- Born: 31 July 1922
- Died: 10 May 1969 (aged 46)
- Occupation: Disability rights activist
- Organization: Disablement Income Group (founder)
- Successor: Mary Greaves

= Megan du Boisson =

British campaigner for disability rights

Megan du Boisson (née James; 31 July 1922 – 10 May 1969) was a British campaigner for disability rights, and founder of the Disablement Income Group. On her unexpected death in 1969, The Times wrote that "it was her doing, more than that of any other single individual, that public opinion is now so much more alive to the needs of the disabled."

== Personal life ==
Megan Ramsay James was born on 31 July 1922. She married Harold William du Boisson in 1944, and they had three children. The couple lived in Lincoln from 1956 to 1959, and Megan du Boisson worked as secretary to Bishop Tomkins, principal of Lincoln Theological College. They later moved to Godalming, Surrey, where Megan founded the Disablement Income Group in 1965, having been diagnosed with multiple sclerosis.

== Disablement Income Group ==
Megan du Boisson and Berit Moore, both of whom had multiple sclerosis, founded the Disablement Income Group in 1965. This followed a letter co-written by the pair to The Guardian newspaper, in which they proposed the creation of a group, which "would exist only to correlate the work of the other groups in regard solely to getting recognition for the right of disabled persons, irrespective of the reason for that disablement, to pensions from the State to enable them to live in a reasonable degree of independence and dignity in their own homes".

The DIG was established "a pressure group bent on changing legislation and obtaining for the severely disabled a State income in their own right." According to Margaret Blackwood, writing in the Journal of Medical Ethics in 1981, du Boisson "uncovered undeniable poverty, ignorance and despair" and "was emphatic in her arguments that society must embrace its disabled members. She was equally emphatic in her insistence that the disabled must come out of their refuges and speak of their difficulties." Du Boisson sought an "all-embracing 'National Disability Pension for all disabled - regardless of how they came by their disability'." Blackwood, inspired by du Boisson, founded DIG Scotland.

In an interview with du Boisson in 1967, Times journalist Charles Robinson wrote that "The Disablement Income Group is an organization whose sole reason for existence is to help disabled people live as human beings in a very unhelpful and uninterested society. lt began because it was needed, and has flourished because the need for it is desperate." During its first four years of existence, du Boisson developed the organization into one with over 10,000 members and active supporters. Speaking and writing extensively, du Boisson became well known as a public champion of disabled people.

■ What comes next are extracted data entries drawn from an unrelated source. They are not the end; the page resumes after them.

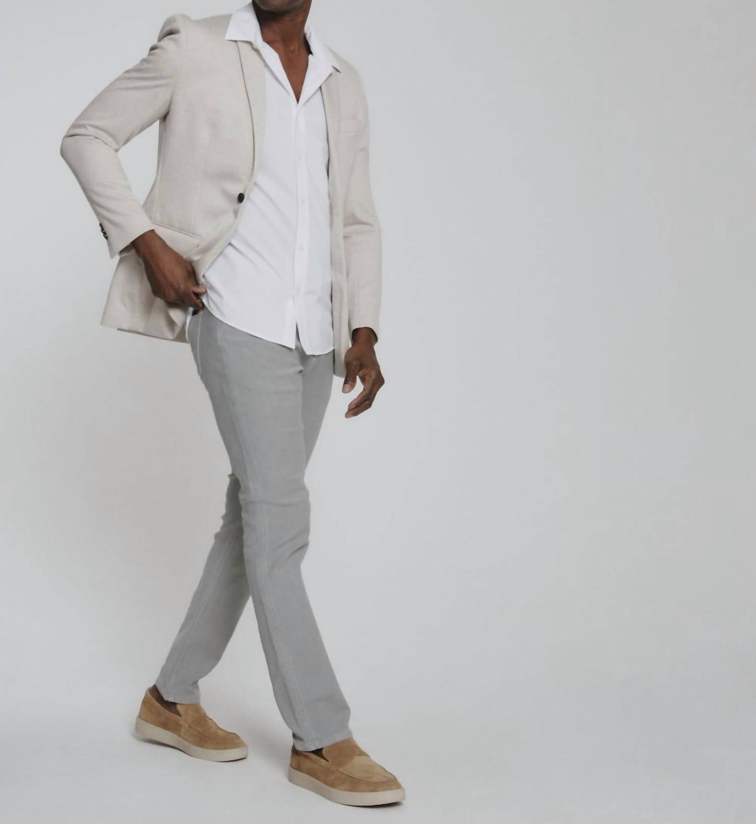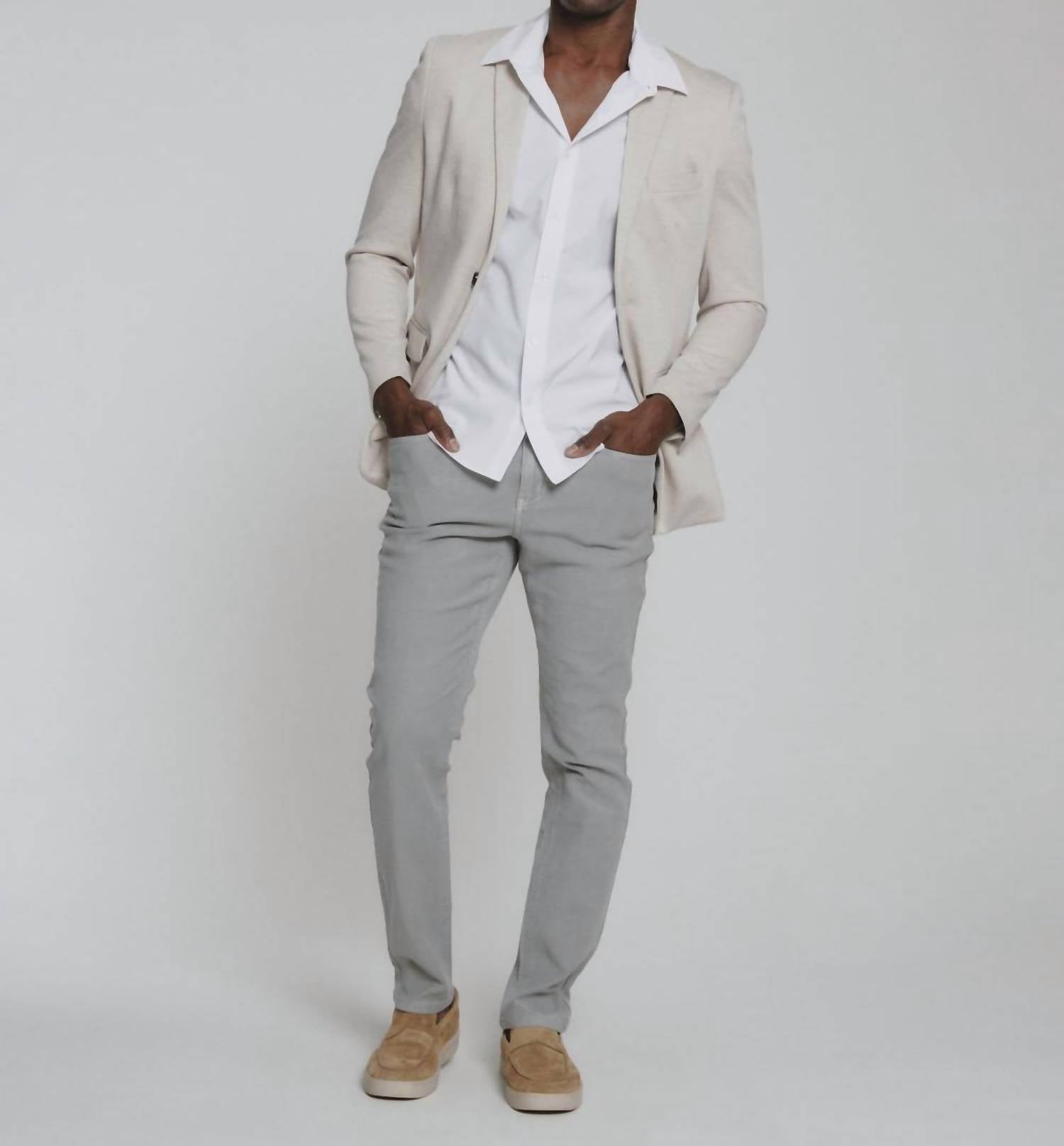 These pants feature a straight leg style with functional 5-pocket design and a zip closure, offering versatility and a polished look in a classic grey tone. Made with a unique 4-way stretch fabric that includes 78% cotton, 12% rayon, 8% lyocell, and 2% elastane, they provide optimal movement and a lived-in look thanks to pigment-dying and garment washing. Simply machine wash cold on a delicate cycle, tumble dry low, and iron on low if needed.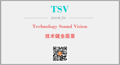 上述内容是“Technology Sound Vision”作为“TSV”的缩写,解释为“技术健全愿景”时的信息,以及英文缩略词TSV所代表的英文单词,其对应的中文拼音、详细解释以及在英文中的流行度和相关分类、应用领域及应用示例等。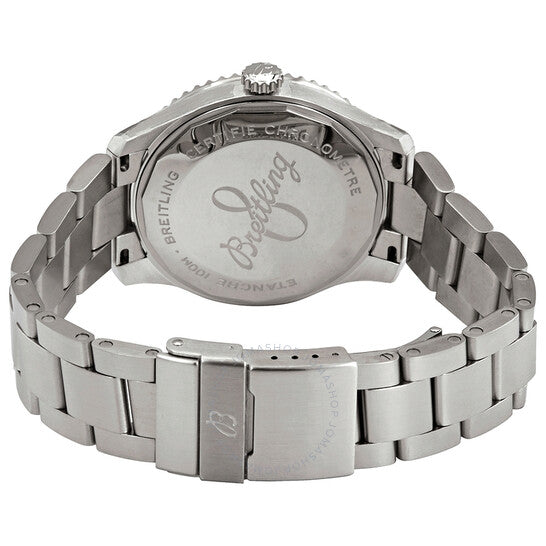 Stainless steel case with a stainless steel bracelet. Bi-directional rotating coin edge stainless steel bezel. Black dial with luminous silver-tone hands and Arabic numeral hour markers. Minute markers around the outer rim. Dial Type: Analog. Luminescent hands and markers. Day of the week display at the 12 o'clock position. Date display at the 6 o'clock positions. Breitling calibre 45 automatic movement, based upon ETA 2834-2, containing 25 Jewels, bitting at 28800 vph, and has a power reserve of approximately 42 hours. Scratch resistant sapphire crystal. Screw locked crown. Solid case back. Round case shape. Case size: 41 mm. Case thickness: 11.19 mm. Band width: 21 mm. Fold over clasp with a safety release. Water resistant at 100 meters / 330 feet. Functions: date, day, hour, minute, second, chronometer. Navitimer 8 Series. Luxury watch style. Watch label: Swiss Made. Item Variations: A4533010-BG86-187A. Breitling Navitimer 8 Automatic Chronometer Black Dial Men's Watch A45330101B1A1.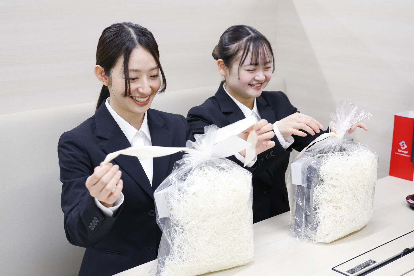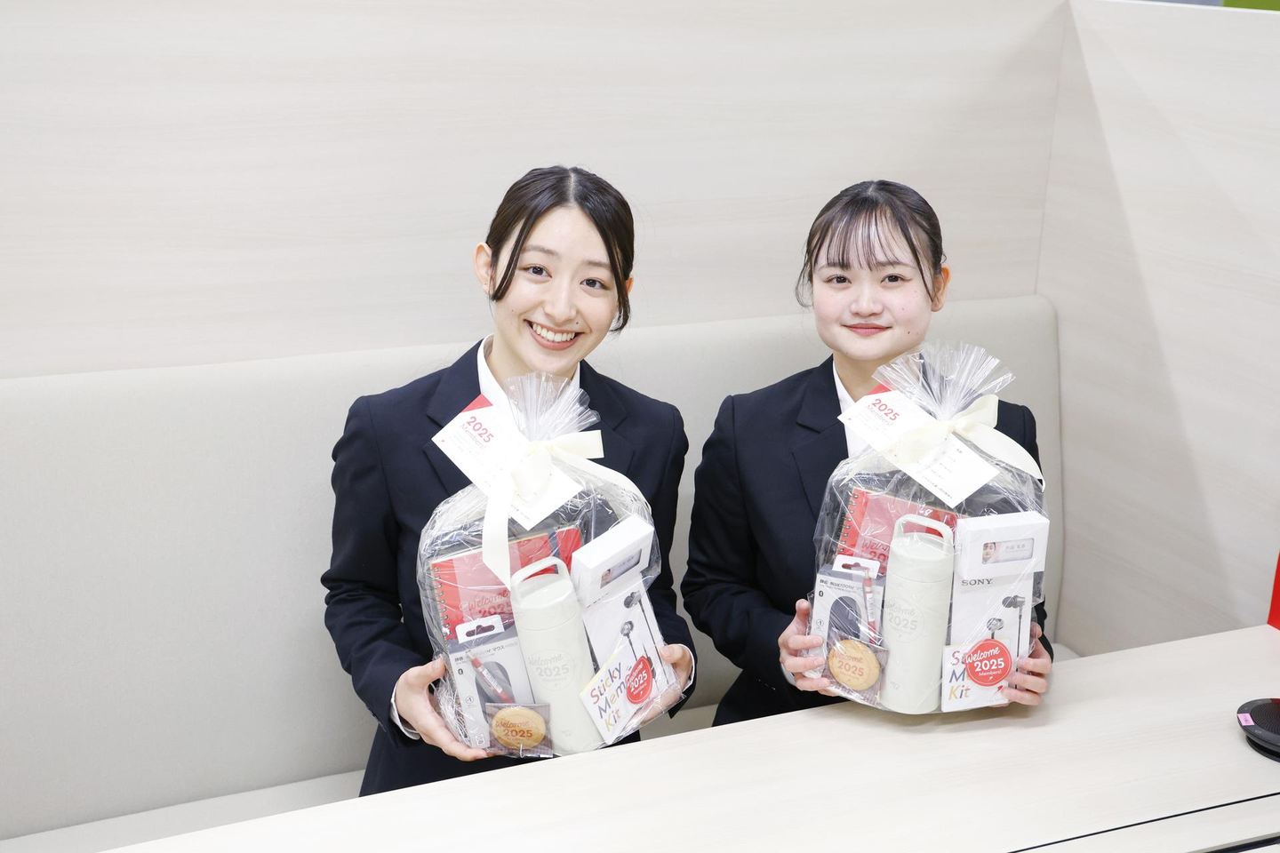 新入社員の皆さんは当社からのサプライズに驚きながら、ワクワクした表情でそれぞれの商品を手に取っていました。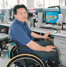 劉政奇是桃園縣私立脊髓損傷潛能發展中心自學員轉為留用的個案管理課員,劉政奇說:「九年前,我的人生被一輛闖紅燈的自小客車摧毀了,下半身終身癱瘓,在醫院治療三個月後返家,只能躺在床上。」
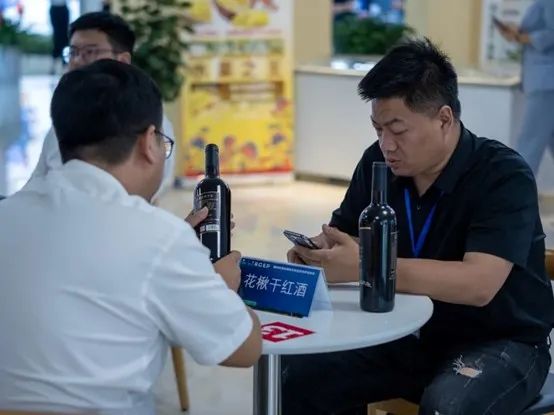 精準商戶對接會上參展商介紹花楸干紅酒進行進行交流洽談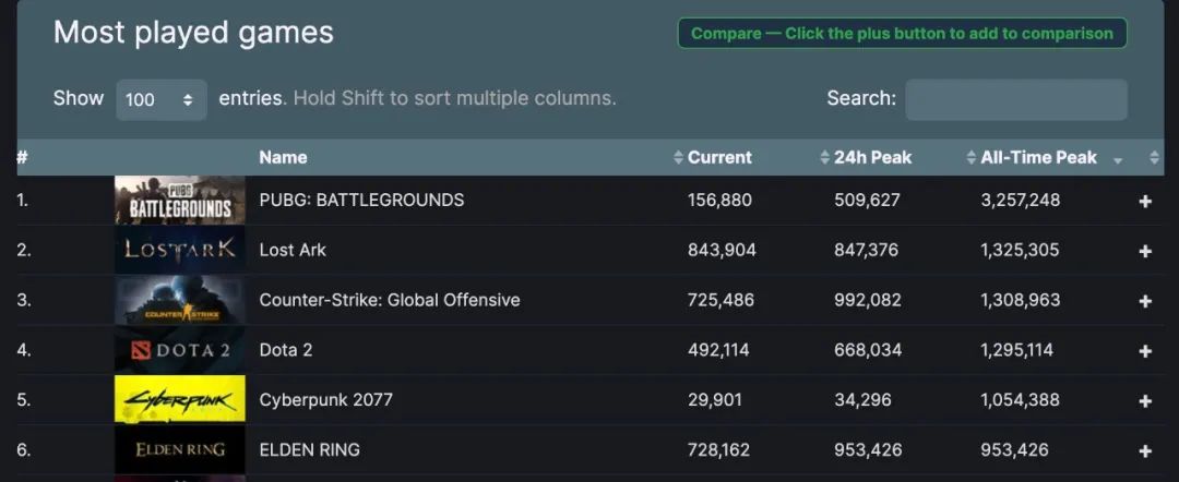 Steam在線遊玩人數峰值排行前十: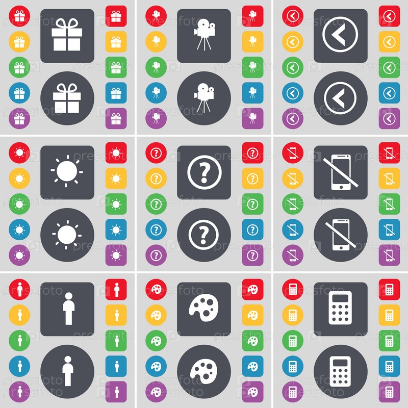 Подарок, пленочной камеры, стрелка влево, свет, вопросительный знак, смартфон, силуэт, палитра, символ значок календаря. Большой набор плоских, цветные кнопки для вашего дизайна. Вектор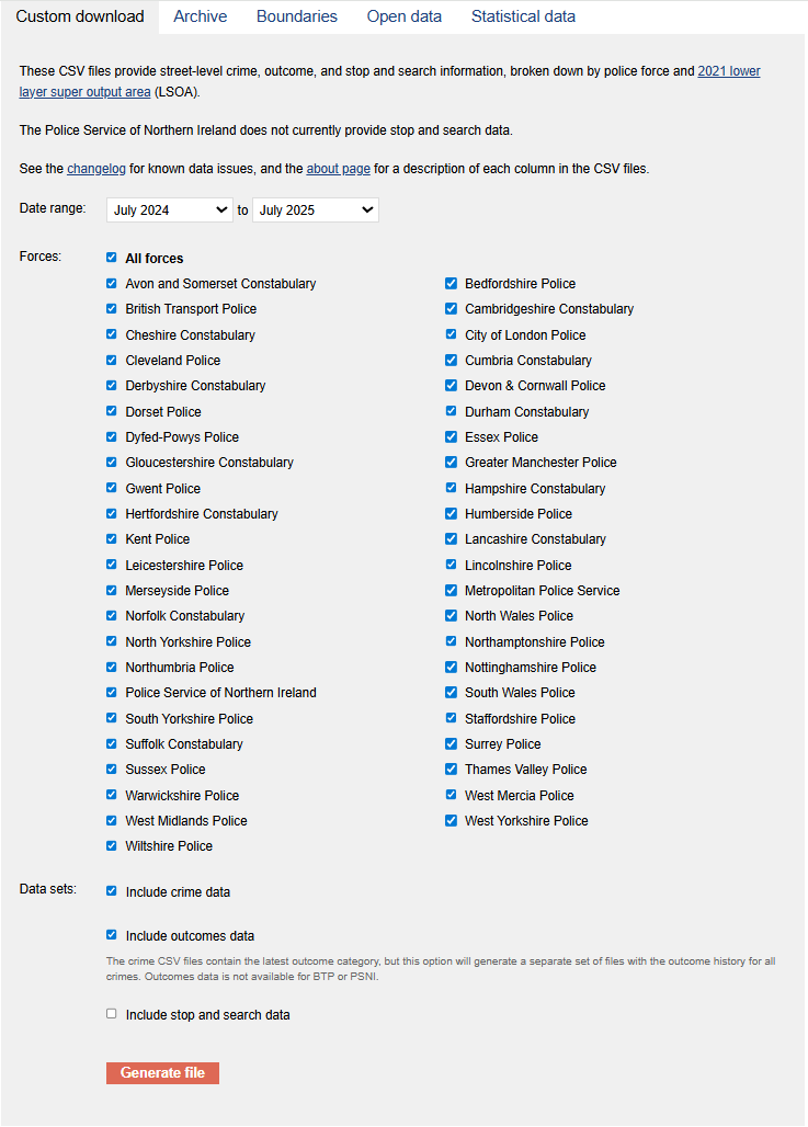 Step one was downloading the data from the Police UK website. This gave me both street-level crime data and outcome data.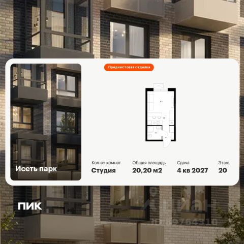 Продаётся квартира-студия площадью 20,2 кв.м на 20 этаже 24 этажного дома (Корпус 5, Секция 1) проекта ПИК Исеть парк. Светлый просторный подъезд на уровне земли, функциональная планировка, большие окна, предчистовая отделка. "Исеть парк" возводится в Октябрьском районе Екатеринбурга — на берегу реки Исеть в окружении трёх крупных лесопарков. До метро "Ботаническая" можно дойти за 15 минут, а дорога на автомобиле до центра города занимает 20 минут. Проект включает шесть домов и многоуровневый паркинг. На первых этажах открываются кафе, магазины и полезные сервисы. А в уютных дворах-парках есть детские и спортивные площадки. Район хорошо развит: есть школы и детские сады, магазины и поликлиники. Ещё здесь находится большой развлекательный комплекс с аквапарком "Лимпопо" и крупнейший на Урале океанариум, городской зоопарк и Академический театр оперы и балета. Артикул 881259 (Застройщик ООО "СЗ "Столица")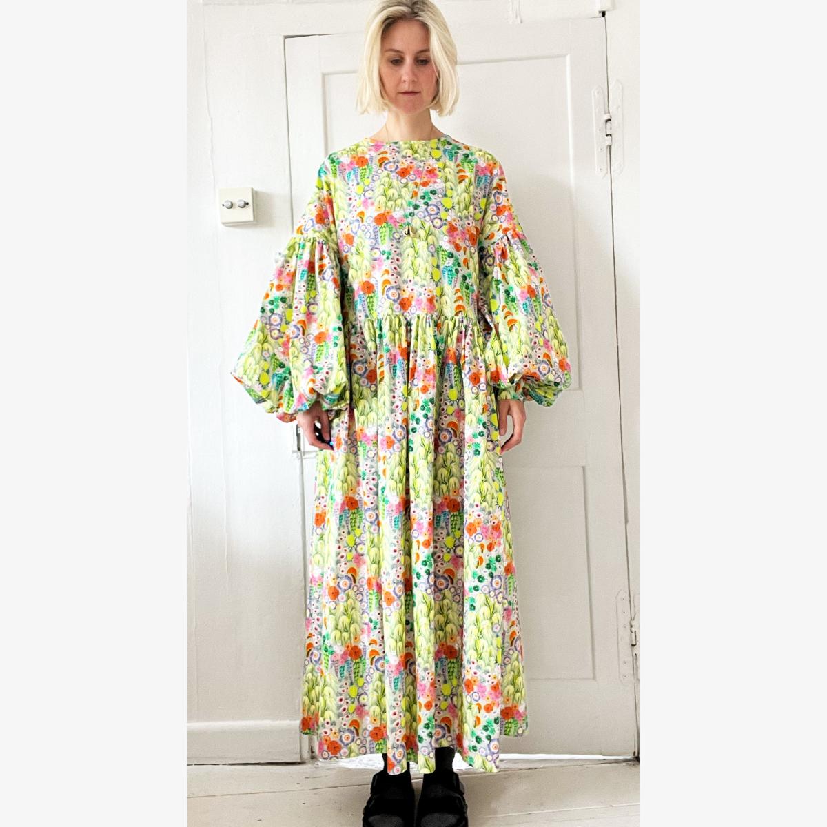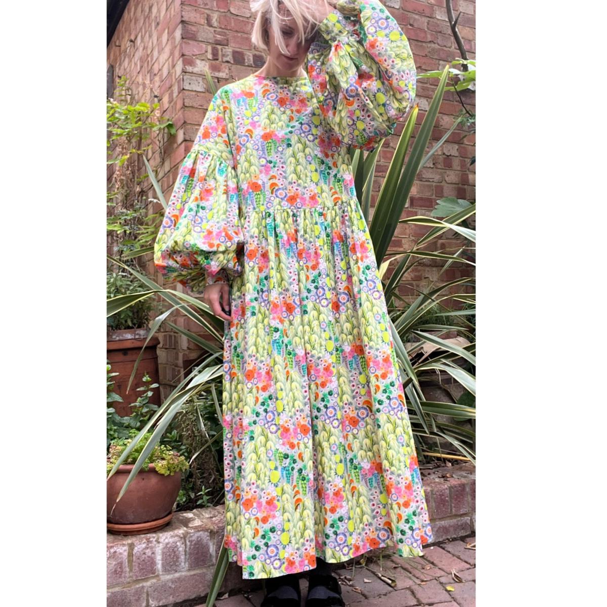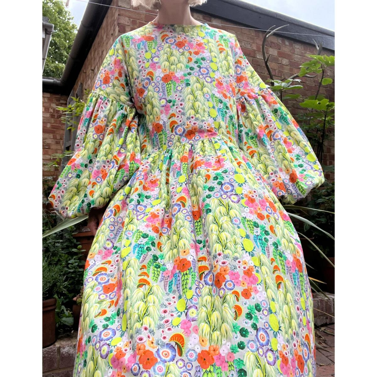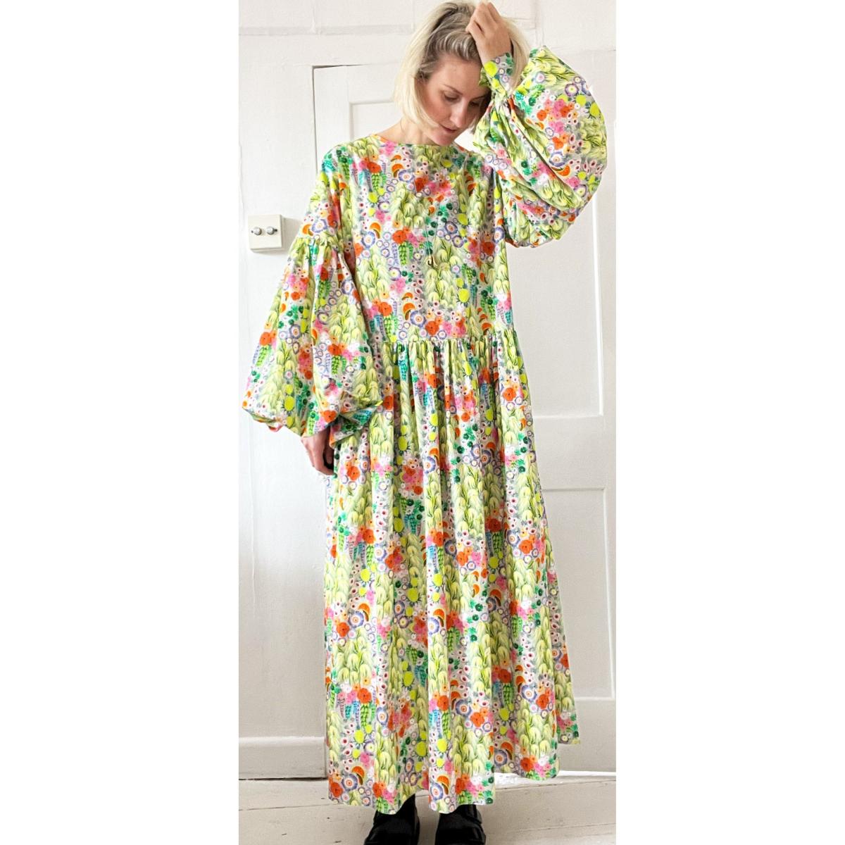 The Dusk dress is our show stopping dress. A romantic, whimsical, loose, over sized, organic cotton dress full of gathers. The dress has large billowing sleeves with button cuffs and a gathered skirt. The Flowers of the Nile are paintings of unusual & rare fauna we imagined thriving along the banks of the river Nile. We like to keep our floral prints trippy and subversive. Model (First picture) is 5 '10 uk size 8 and wears the size Small (Very oversized fit on model). Size small measures 137cm in length from highest shoulder point, waist measures 106cm. There is 5cm grading between sizes on the width. UK Sizing (Oversized style means flexibility in sizing, and very generous sizing)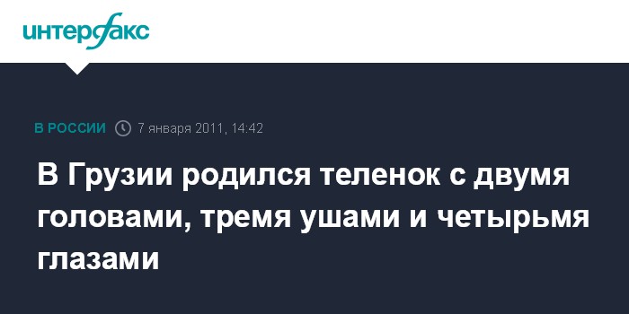 Тбилиси. 7 января. INTERFAX.RU - В Мартвильском районе Грузии произошел аномальный случай - корова родила двухголового теленка. Как сообщают грузинские СМИ, у теленка две головы, три уха и четыре глаза.
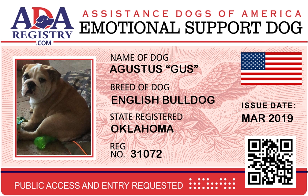 Emotional Support Dog Registration for Agustus “Gus”

Du Boisson was a prominent voice for disability rights, and remembered as one who combined passion and personal experience of disability, with exacting knowledge of her arguments. The Times would write:
By a combination of exquisite personal charm and firm intellectual grasp she won the respect not only of those with an immediate instinctive sympathy for her cause but of hard-pressed politicians and administrators as well. She could so easily have pitched her appeal on a purely emotional level, and indeed she always spoke and wrote with deep feeling. But it was because she had a command of her facts, a knowledge of comparable policies abroad, and could appreciate the problems of her own proposals that she was a highly effective lobbyist in Whitehall.
Jameel Hampton has written that the work of the DIG, and in particular that of du Boisson, compelled Parliament and the Trades Unions Congress "to engage with the welfare of disabled people," worked through the media to bring the realities of disability into the public eye, and "made it widely accepted that some sort of cash provision was needed alongside services".

== Death ==
Du Boisson was killed in a car crash on Saturday 10 May 1969, aged 44, on the way to DIG's 4th annual meeting. A commemorative service was held in St Martin-in-the-Fields church, London.

Her obituary in The Times stated that although du Boisson had died "without the Government having accepted any of her main objectives", she had won the battle in terms of public opinion, "now so much more alive to the needs of the disabled". It concluded that "perhaps her greatest success lay not in the advocacy of policies but in the example of her own activity: at once humbling to the fit and inspiring to the sick."

Along with others who worked for disability rights and through the Disablement Income Group, du Boisson is commemorated with a bench in Godalming, Surrey.